Keeping girls in school.

Something as natural and normal as a period should not keep a girl out of school, and here is how Safaricom is stepping in.

06 Nov 2019 . 1,699 Views

Close to 20 percent of girls in Sub-Saharan Africa miss school during their menstrual cycle while many more drop out once they start menstruating. This is according to a 2016 report by United Nations Educational, Scientific and Cultural Organization (UNESCO).

Luckily, for over 800, 000 girls in the country sitting their final year national examinations this month, this, will not be their narrative. Thanks to the M-PESA Foundation and Ministry of Education, the girls will receive enough sanitary towels to last them three months.

Safaricom Chief Executive Officer said the idea came about after the story of a girl in Bomet who took her life after she was taunted and teased in school for having her period while in school.

“This was very saddening to me and I asked my team ‘What can we do about this? How can we help?’ Immediately, we sprang into action to see what we can do and how we can cooperate with the Ministry of Education to get sanitary pads to the girls as soon as possible, in particular at this very important time when they are sitting their exams,” Mr Joseph said.

The sanitary pads were handed over at a ceremony in Nairobi and the pads are destined for public schools in all 47 counties, including those in Dadaab and Kakuma refugee camps.

The menstrual health packages for the more than 800, 000 girls are estimated to be worth KES281 million.

Courtesy of the M-PESA Foundation, through the Keeping Girls in School Programme, the girls will receive a menstrual health package consisting of three packets of sanitary pads, three pieces of underwear and a menstrual health information booklet.

Often, the cost of sanitary towels is too high, especially for girls from disadvantaged families, forcing them to skip school or worse, engaging in risky sexual behavior to access money to buy pads.

“The cost is extraordinary I must say. I did not realise when we decided to do this that the cost would be so high. Now I can understand why it’s such a challenge for the ministry,” said Mr Joseph.

The CEO said the company would explore ways of continuing the programme at a lower cost and with more sustainable, reusable and biodegradable pads.

There are 4.7 million girls in public primary and high school in Kenya, 487,365 of them in Class 8 and 342,639 in Form Four.

In 2010, the government started the National Free Sanitary Towel Programme to provide sanitary towels to school girls. Unfortunately, according to the Cabinet Secretary of Education, Professor George Magoha, there is not enough funding to cover all girls.

“We are expected as government to provide sanitary hygiene to our children in school, it’s in the 2013 ACT. Unfortunately, this year we only had KES470 million.  We can at best provide sanitary towels for four months,” said the Cabinet Secretary as he thanked Safaricom for chipping in.
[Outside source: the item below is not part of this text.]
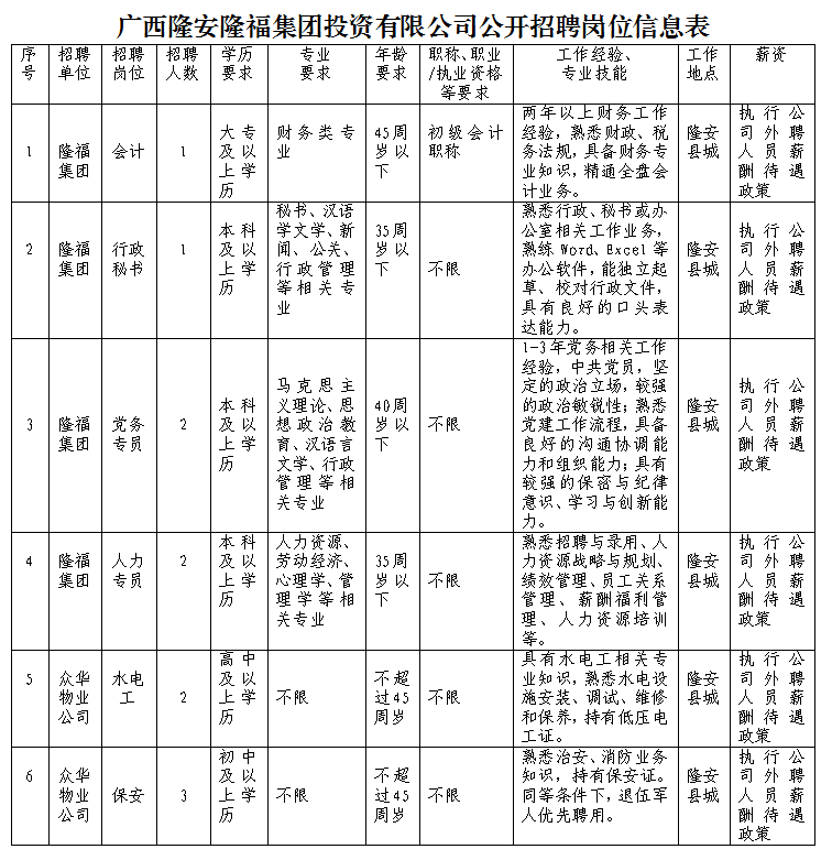 廣西隆安隆福投資集團(tuán)有限公司招聘公告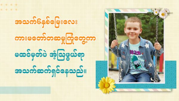 ဒန်နီ မြန်မာနိုင်ငံ ကျွန်မ ငယ်ငယ်တုန်းက ခရစ်ယာန်ဘာသာကို စိတ်ဝင်စားခဲ့တယ်။ ဒါပေမဲ့ ကျွန်မ မိသားစုက ဗုဒ္ဓဘာသာဆိုတော့ ကျွန်မက ခရစ်ယာန်ဖြစ်မလာခဲ့ဘူး။ အဲဒီတုန်းက ငရဲအကြောင်းကို ကျွန်မ ကြားဖူးတယ်။ ဒါပေမဲ့ ...သားလေးကင်ဆာရောဂါရှိခြင်းကိုရင်ဆိုင်သည့်ချိန်တွင် သူမသည်ဤသို့ရွေးချယ်လိုက်သည်

“I have been to our children’s classrooms and there are situations where the girl child is absent. As a physician I know she is absent because of what we are talking about,” he added.

Speaking at the flag off ceremony, UNHCR Kenya Country Representative Ms. Fathiaa Abdalla said it is important for girls to feel supported and protected in the gradual passage of womanhood, which is a cause for celebration and not hindering their education.

“I’m grateful to the MPESA Foundation and Ministry of Education for including girls in refugee camps. 4,300 girls in Kakuma and Dadaab will benefit from this initiative. By providing them with these supplies you are making a big difference to their health, education and quality of life,” said Fathiaa.

Safaricom is keen on joining in the mission to keep girls in school by ensuring they are not limited by something as natural and normal as their period.